Patent Document 6 discloses a technique for improving chemical conversion treatment properties by spraying solid particles having an average particle size of 30 to 300 μm.
Patent Document 7 discloses a technique for improving chemical conversion treatment by removing the surface of a steel sheet by 1 μm or more with a mixed acid aqueous solution composed of hydrochloric acid, nitric acid, and hydrofluoric acid after continuous annealing.

特開平4-276060号公報JP-A-4-76060 特開2005-187863号公報JP 2005-187863 A 特開2005-290440号公報JP 2005-290440 JP 特開2006-283130号公報JP 2006-283130 A 特開2003-226920号公報JP 2003-226920 A 特開2005-240148号公報JP 2005-240148 A 特開2009-221586号公報JP 2009-221586

しかしながら、特許文献1〜4の技術では、表面に生成する酸化物のSi/Mn比を適正な範囲に制御するために、必然的に高加工性高強度冷延鋼板のSi含有量とMn含有量が制約を受ける。そのため、高加工性高強度冷延鋼板の加工性や強度が十分に向上しない。さらに、酸化物の組成や性状は焼鈍条件(たとえば露点,水素濃度等)の影響を受け易いので、化成処理性も十分に向上しない。   However, in the techniques of Patent Documents 1 to 4, in order to control the Si / Mn ratio of the oxide generated on the surface to an appropriate range, the Si content and Mn content of the high workability high strength cold-rolled steel sheet are inevitably required. The amount is constrained. Therefore, the workability and strength of the high workability and high strength cold-rolled steel sheet are not sufficiently improved. Furthermore, since the composition and properties of the oxide are easily affected by annealing conditions (for example, dew point, hydrogen concentration, etc.), chemical conversion properties are not sufficiently improved.
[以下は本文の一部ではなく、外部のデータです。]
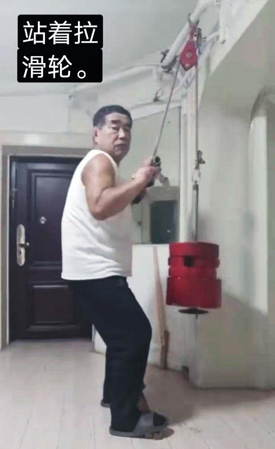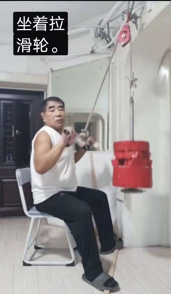 和坐着蹬滑轮炼腿力。用滑轮健身能炼四个项目。
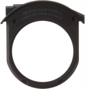 Canon Drop-in Clear Filter A — це прозорий світлофільтр, який встановлюється у спеціальний слот об'єктивів Canon RF із вбудованою системою drop-in фільтрів. Він захищає оптичні елементи об'єктива, не змінюючи зображення.
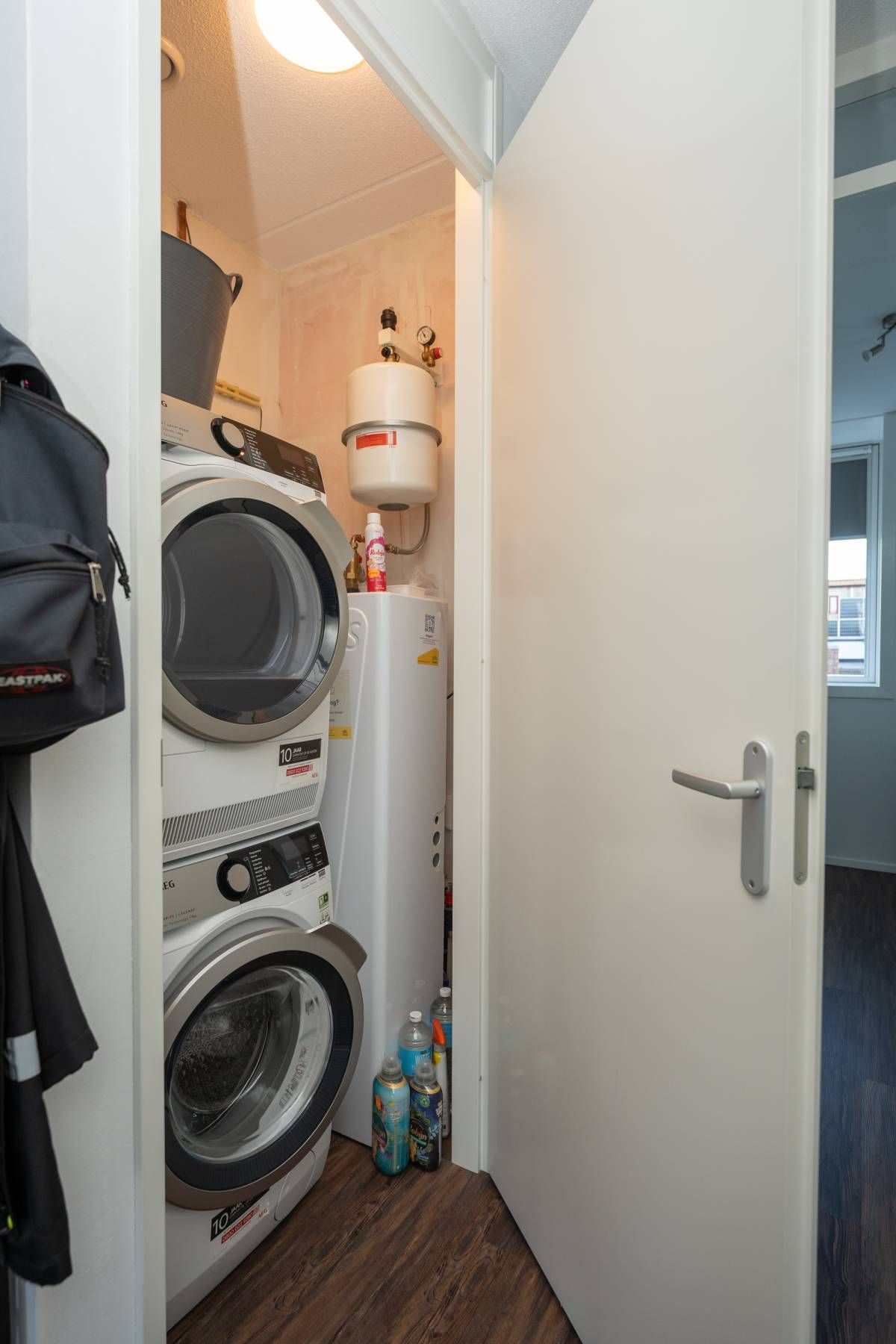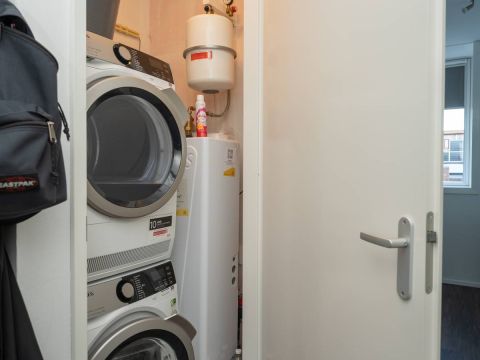 In de hal bevinden zich het toilet en een praktische ruimte met aansluitingen voor de wasmachine, droger en de warmtepomp.
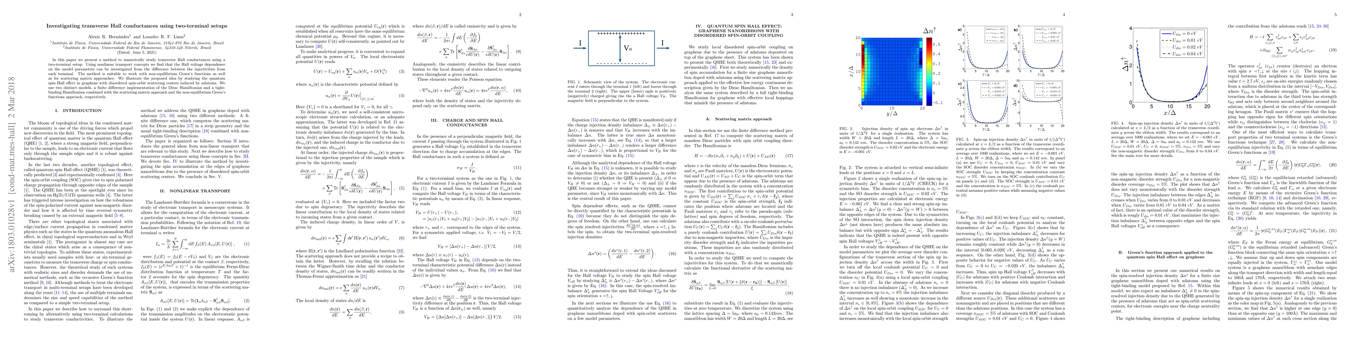 In this paper we present a method to numerically study transverse Hall conductances using a two-terminal setup. Using nonlinear transport concepts we find that the Hall voltage dependence on the model parameters can be investigated from the difference between the injectivities from each terminal. The method is suitable to work with non-equilibrium Green's functions as well as for scattering matrix approaches. We illustrate the proposed idea by studying the quantum spin Hall effect in graphene with disordered spin-orbit scattering centers induced by adatoms. We use two distinct models, a finite difference implementation of the Dirac Hamiltonian and a tight-binding Hamiltonian combined with the scattering matrix approach and the non-equilibrium Green's functions approach, respectively.

また、特許文献5〜7の技術では、新たな設備が必要となるので、設備費が高くなるだけでなく、生産性と歩留りも低下するため、製造コストの上昇が避けられない。   Further, in the techniques of Patent Documents 5 to 7, since new equipment is required, not only the equipment cost becomes high, but also the productivity and the yield are lowered, so that an increase in manufacturing cost is inevitable.
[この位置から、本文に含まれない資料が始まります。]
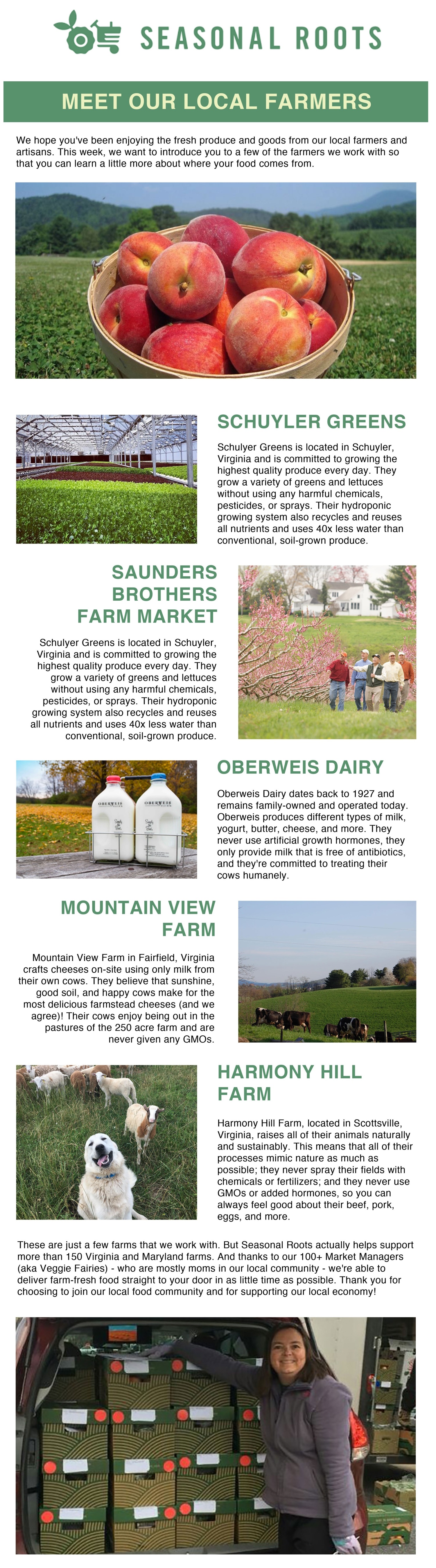 Since 2011, Seasonal Roots’ online farmers market has connected Virginia families with local family farmers who use sustainable, humane practices. Our neighborhood market managers – who believe in living better through scrumptious, healthy eating, being kind to animals, protecting the environment, and spreading joy – home-deliver freshly harvested produce, pastured eggs, grass fed dairy and meat, plus artisan fare. We empower our members to eat better and live better with more nutritious, flavorful food that’s good for us and good for the planet. More info at seasonalroots.com.

本発明は、上記の現状に鑑み開発されたもので、高強度、高加工性は言うまでもなく、化成処理性にも優れた高加工性高強度冷延鋼板を、その製造方法と共に提供することを目的とする。
なお、本発明において、「化成処理性に優れた」とは、化成処理薬剤(日本パーカライジング株式会社製パルボンド(登録商標)PB-L3020)を用いて、浴温:43℃、処理時間:120秒の条件で鋼板の表面に化成処理を行った後、その鋼板表面を走査型電子顕微鏡にて500倍で5視野観察し、面積率95%以上の均一な化成結晶が5視野全てにおいて生成していることをいう。
また、「高加工性高強度」とは、強度−伸びバランスTS×ELが18000MPa・%以上となることをいう。
The present invention has been developed in view of the above-described present situation, and it is not limited to high strength and high workability, and provides a high workability high strength cold-rolled steel sheet that is excellent in chemical conversion processability, together with its manufacturing method. Objective.
In the present invention, the "chemical treatment is excellent in resistance" Kasei treatment agent with (Nippon Parkerizing Co., Ltd. Palbond (TM) PB-L3020), bath temperature: 43 ° C., treatment time: 120 After the chemical conversion treatment was performed on the surface of the steel sheet under the condition of seconds, the surface of the steel sheet was observed with a scanning electron microscope at 500 times in 5 fields, and a uniform chemical crystal with an area ratio of 95% or more was generated in all 5 fields. It means that
Further, “high workability and high strength” means that the strength-elongation balance TS × EL is 18000 MPa ·% or more.

さて、発明者らは、C、SiおよびMnの含有量を種々変化させるともに、種々の合金元素を含有させた溶鋼を溶製し、さらに連続鋳造を経て、熱間圧延、冷間圧延および焼鈍を行って得られた冷延鋼板について、その強度、加工性および化成処理性の綿密な調査を行った。
その結果、Si含有量を適正範囲に制御した上で、適正量のSbを含有させることにより、生産性や歩留りの低下を招くことなく、鋼板の高強度化と加工性の改善を両立でき、さらには化成処理性も向上できるとの知見を得た。
Now, the inventors changed the contents of C, Si and Mn in various ways, melted molten steel containing various alloy elements, and passed through continuous casting, followed by hot rolling, cold rolling and annealing. For the cold-rolled steel sheet obtained by carrying out the above, a thorough investigation was conducted on its strength, workability and chemical conversion treatment.
As a result, by controlling the Si content to an appropriate range, by including an appropriate amount of Sb, it is possible to achieve both high strength of the steel sheet and improvement of workability without causing a decrease in productivity and yield, Furthermore, the knowledge that chemical conversion processability could be improved was acquired.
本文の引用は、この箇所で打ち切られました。